Aber gut, ich bin ja im Urlaub und muss mich nicht um die Erziehung der freilaufenden Kinder hier kümmern.
200m nach dem Hostel steht noch ein Reiseradler rum. Es ist Eric aus Holland, der schon seit fast drei Stunden unterwegs ist. Also fahren wir jetzt mal zu dritt weiter. Erst auf dem Highway 7, in der guten Stunde sind uns vielleicht 20-30 Autos begegnet. Josef meinte, dass es schon etwas viel Verkehr hatte – ich kenne vermutlich keine Straße in Deutschland, auf der weniger los wäre.
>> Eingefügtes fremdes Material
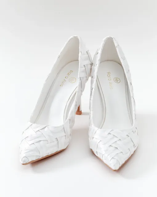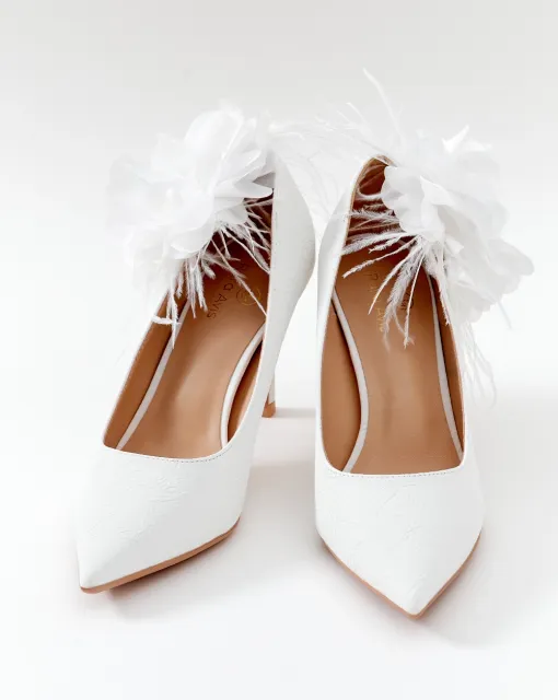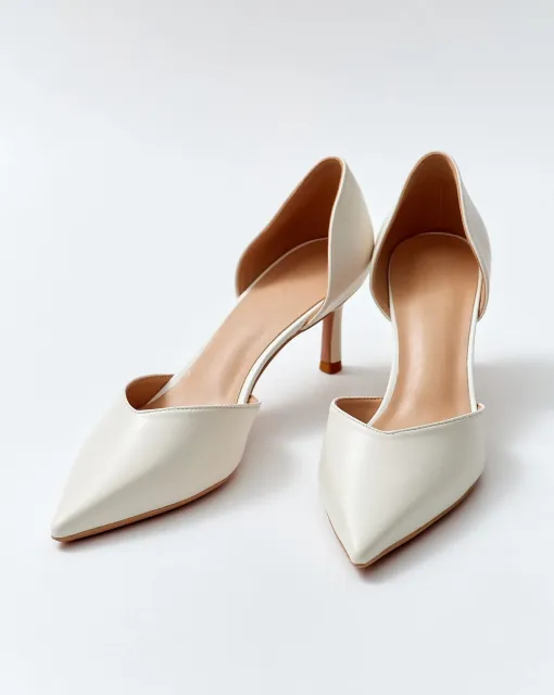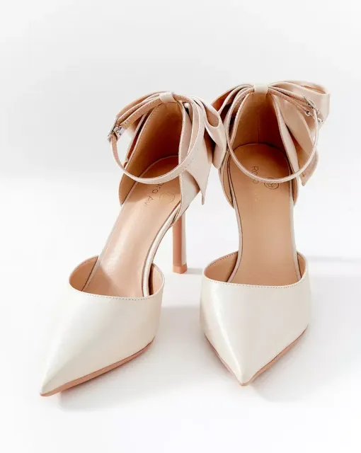 Лаковые лодочки в молочном цвете. Нос туфель украшен ожерельем из переплетающихся бусин. Внутри туфли выполнены из кожи.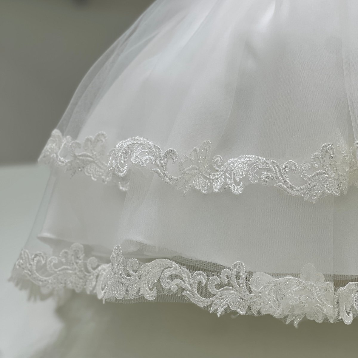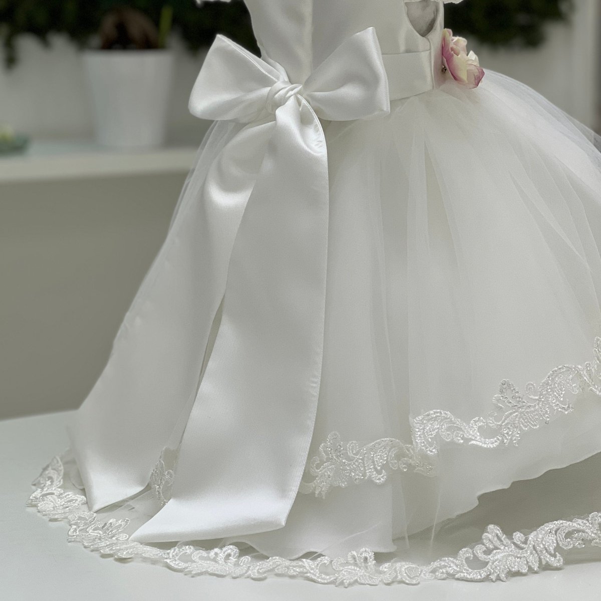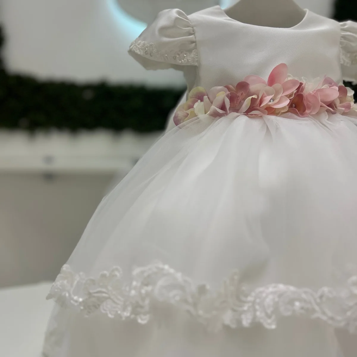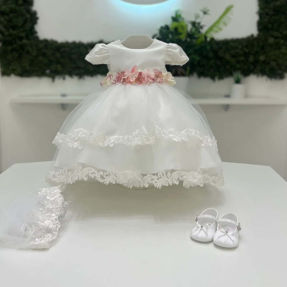 Abito da cerimonia per neonata in mikado e tulle, caratterizzato da maniche a sbuffo rifinite con dettagli ricamati e gonna a balze arricchita da bordature in pizzo. La vita è impreziosita da una cintura floreale con applicazioni in tonalità rosa, che dona un delicato contrasto romantico. Completa il coordinato un fiocco posteriore, velo con bordo in pizzo e scarpette abbinate.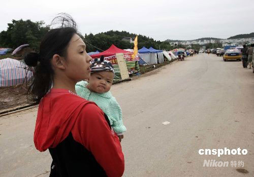 5月29日,受唐家山堰塞湖潰壩險情影響,綿陽市游仙區(qū)沈家壩東街社區(qū)居民陸續(xù)撤離至富樂山高地,一位年輕的媽媽抱著孩子來到這里準(zhǔn)備開始避險生活。中新社發(fā) 杜洋 攝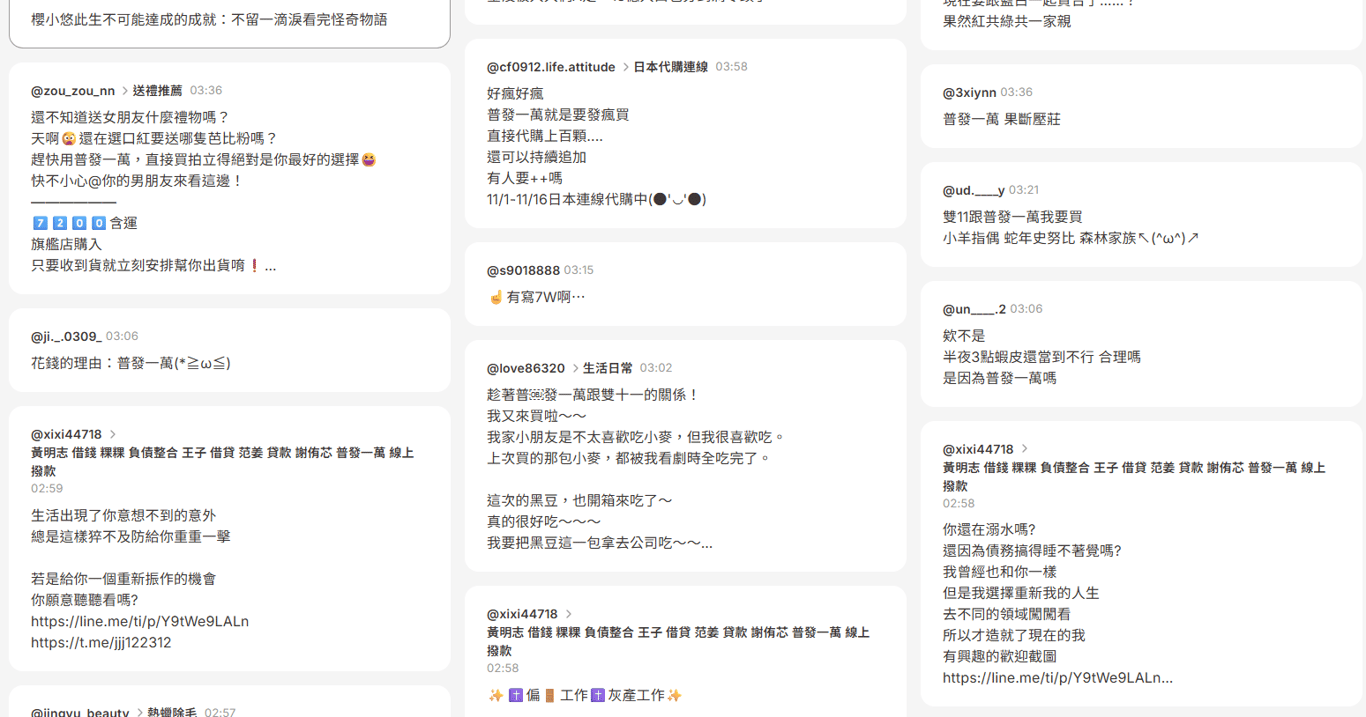 - 服飾美容類 次之,約 20.6%,集中在「雙 11 購物」「換季衣物」「買鞋或包」等。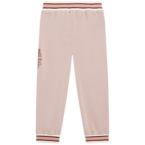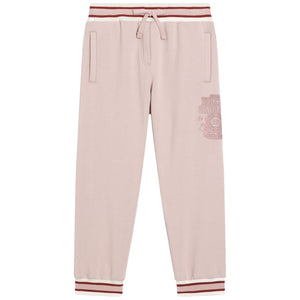 Pink joggers for girls by luxury label Dolce & Gabbana, with a striking crest logo motif adding a distinctive designer touch. Both stylish and comfortable, they are made in soft cotton jersey, with striped ribbed trims.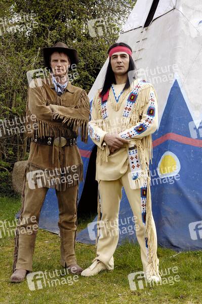 Pressetermin zu 'Winnetou I' der Karl May Freilichtspiele mit Erol Sander als Winnetou und Thorsten Nindel als Old Shatterhand im Indian Village, Bad Segeberg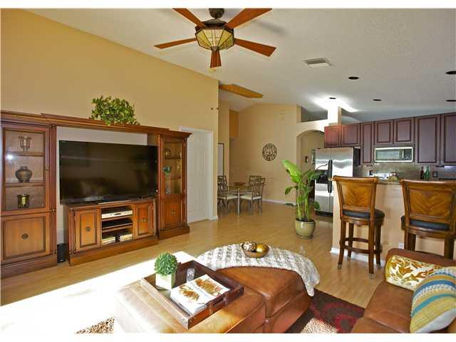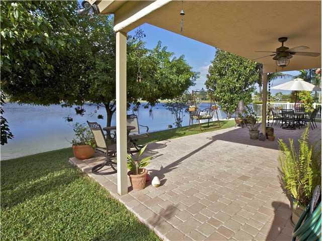 Stunning 4 bedroom, 2 bath home with warranty on a gorgeous oversized lakefront lot with spectacular views. This immaculate home has it all. Interior features include wood laminate floors throughout living area, new carpet in bedrooms. Upgraded kitchen wi th granite counters & stainless appliances. Upgraded master bath with whirlpool roman tub & designer tile. New exterior paint. Hurricane impact windows. Covered porch with extended paver patio overlooking lake and yard with fruit trees & much more!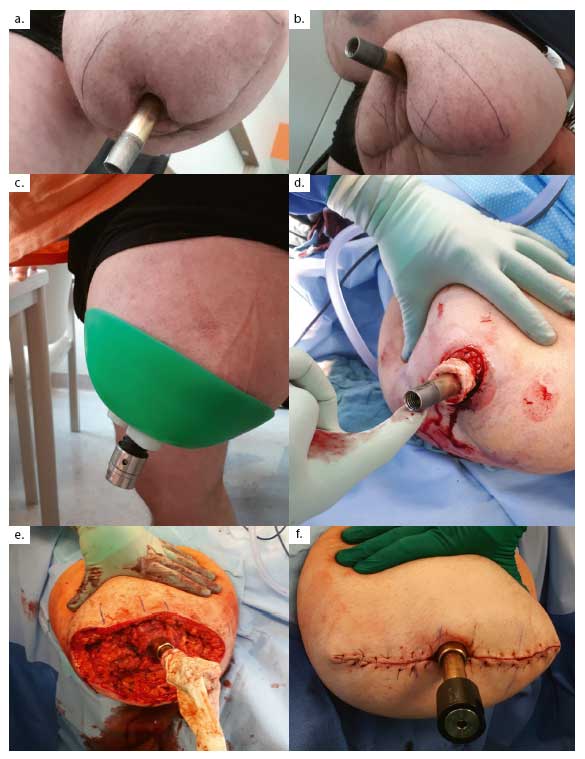 Die chir­ur­gi­sche Kon­ver­si­on von einem „feuch­ten“ zu einem „tro­cke­nen“ Sto­ma mit Modi­fi­ka­tio­nen der Myo­de­se (neben der Myo­plas­tik eine der bei­den übli­chen Ope­ra­ti­ons­tech­ni­ken zur Deckung des Stump­fes bei einer Ampu­ta­ti­on) hat sich nach­hal­tig auf das anfangs hohe Infek­ti­ons­ri­si­ko aus­ge­wirkt 3. Die­ses Ver­fah­ren hat anders als bei der klas­si­schen Ampu­ta­ti­on einen mus­kel­frei­en Durch­tritts­be­reich zum Ziel und ist dar­über hin­aus mit einer wei­te­ren Aus­dün­nung des sub­ku­ta­nen Fett­ge­we­bes ver­bun­den. Ein Weich­teil­plus in der Nähe des Sto­mas bei trans­fe­mo­ra­ler Ampu­ta­ti­on wird sich immer auch auf das angren­zen­de Sto­ma aus­wir­ken – der Ein­fluss die­ses Weich­teil­über­schus­ses ist lage- und belas­tungs­ab­hän­gig (jeweils im Lie­gen, Sit­zen und Stehen/Laufen) dif­fe­rent zu bewer­ten und schließt an die­ser Stel­le Über­le­gun­gen zu einer Ver­bes­se­rung der Sto­ma­po­si­tio­nie­rung (iso­me­tri­sche Plat­zie­rung) ein (Abb. 2) (Abb. 3a‑f).

Am ersten Hügel hängen wir Eric ungewollt ein bisschen ab, weil wir nicht richtig aufpassen. Als er uns wieder eingeholt hat, hören wir, dass er offenbar Musik aus einem ca. flaschengroßen Bluetooth-Lautsprecher zur Motivation dabei hat. Er spielt gerade Ramstein „We’re all living in America, America ist wunderbar“. Ob er es extra auf uns abgestimmt hat (ich als Deutscher und Josef, der teilweise in den USA aufgewachsen ist) oder eher Zufall ist, habe ich nicht erfragt. Josef kannte mit seinen 19 Jahren Ramstein zumindest nicht. Danach kamen noch ein paar Ramstein Songs, bevor er eher vernünftige Musik (z.B. REM) abspielte.
Wer jetzt einwendet, dass es ja gar nicht so heiß sein kann, weil Josef eine lange Jacke anhat, der irrt. Er will sich keine Sonnencreme leisten und fährt daher in einem langen Jäckchen rum (vielleicht sollte ich hier eher Jeck’chen schreiben).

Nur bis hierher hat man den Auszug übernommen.